* **Problem to work on**
Using the entries that follow, give the number of lines containing the string "Общий". Write nothing besides that number.

(Stored items)
^^^^^^^^^^^^^^^^
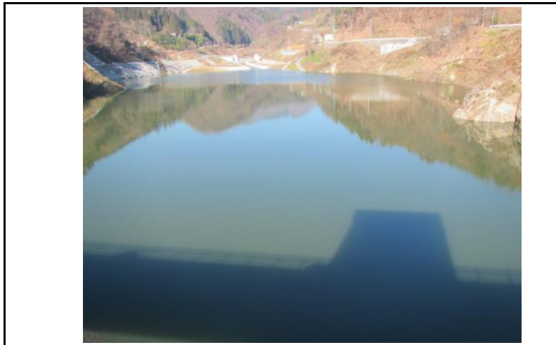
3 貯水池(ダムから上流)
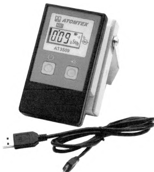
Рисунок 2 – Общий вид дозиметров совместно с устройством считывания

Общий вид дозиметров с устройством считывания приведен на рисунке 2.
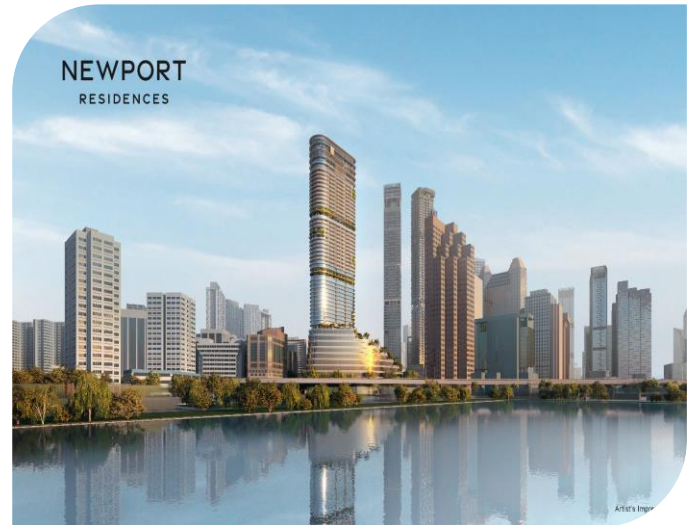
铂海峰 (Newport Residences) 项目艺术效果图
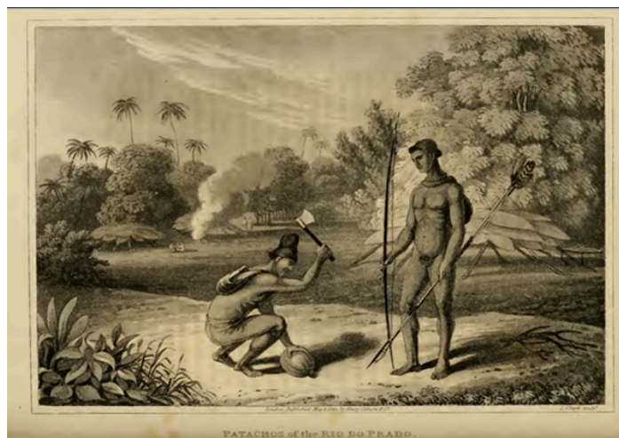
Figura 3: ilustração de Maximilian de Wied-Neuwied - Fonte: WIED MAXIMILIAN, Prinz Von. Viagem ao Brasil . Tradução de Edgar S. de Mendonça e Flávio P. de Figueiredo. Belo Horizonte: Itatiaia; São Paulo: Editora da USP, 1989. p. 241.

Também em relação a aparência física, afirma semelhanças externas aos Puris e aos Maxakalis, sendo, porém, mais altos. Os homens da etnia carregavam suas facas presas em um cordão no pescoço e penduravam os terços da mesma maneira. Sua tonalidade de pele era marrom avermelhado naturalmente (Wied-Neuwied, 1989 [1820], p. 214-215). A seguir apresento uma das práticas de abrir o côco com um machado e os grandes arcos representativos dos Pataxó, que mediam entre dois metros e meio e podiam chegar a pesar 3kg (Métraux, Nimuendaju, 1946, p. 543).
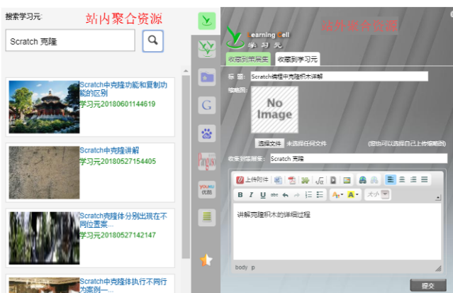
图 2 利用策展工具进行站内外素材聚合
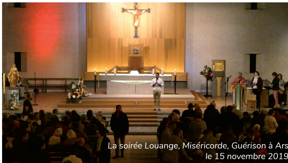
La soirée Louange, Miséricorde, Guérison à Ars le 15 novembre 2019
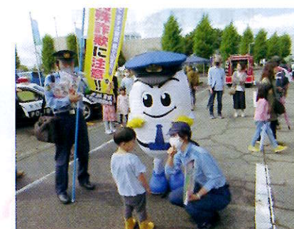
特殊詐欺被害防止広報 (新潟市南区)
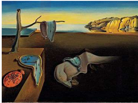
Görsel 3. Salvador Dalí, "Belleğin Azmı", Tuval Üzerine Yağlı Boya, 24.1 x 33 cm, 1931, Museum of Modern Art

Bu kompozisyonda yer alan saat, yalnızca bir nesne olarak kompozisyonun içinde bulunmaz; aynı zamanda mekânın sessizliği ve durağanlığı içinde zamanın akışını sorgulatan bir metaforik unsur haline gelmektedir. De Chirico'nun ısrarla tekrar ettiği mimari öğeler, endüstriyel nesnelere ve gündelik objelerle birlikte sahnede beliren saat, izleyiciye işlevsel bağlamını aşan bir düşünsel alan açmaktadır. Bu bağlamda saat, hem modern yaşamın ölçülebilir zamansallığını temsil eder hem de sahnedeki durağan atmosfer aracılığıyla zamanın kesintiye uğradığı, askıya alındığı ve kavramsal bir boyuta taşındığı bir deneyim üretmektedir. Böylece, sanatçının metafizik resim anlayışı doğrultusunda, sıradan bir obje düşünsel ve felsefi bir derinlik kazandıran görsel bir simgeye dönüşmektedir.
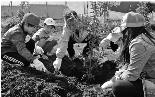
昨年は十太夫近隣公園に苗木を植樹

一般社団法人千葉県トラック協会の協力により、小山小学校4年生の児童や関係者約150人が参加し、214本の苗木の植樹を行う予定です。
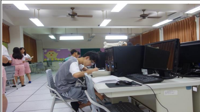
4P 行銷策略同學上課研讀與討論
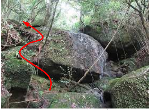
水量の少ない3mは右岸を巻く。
^^^^^^^^^^^^^^^^
* **Response below**
2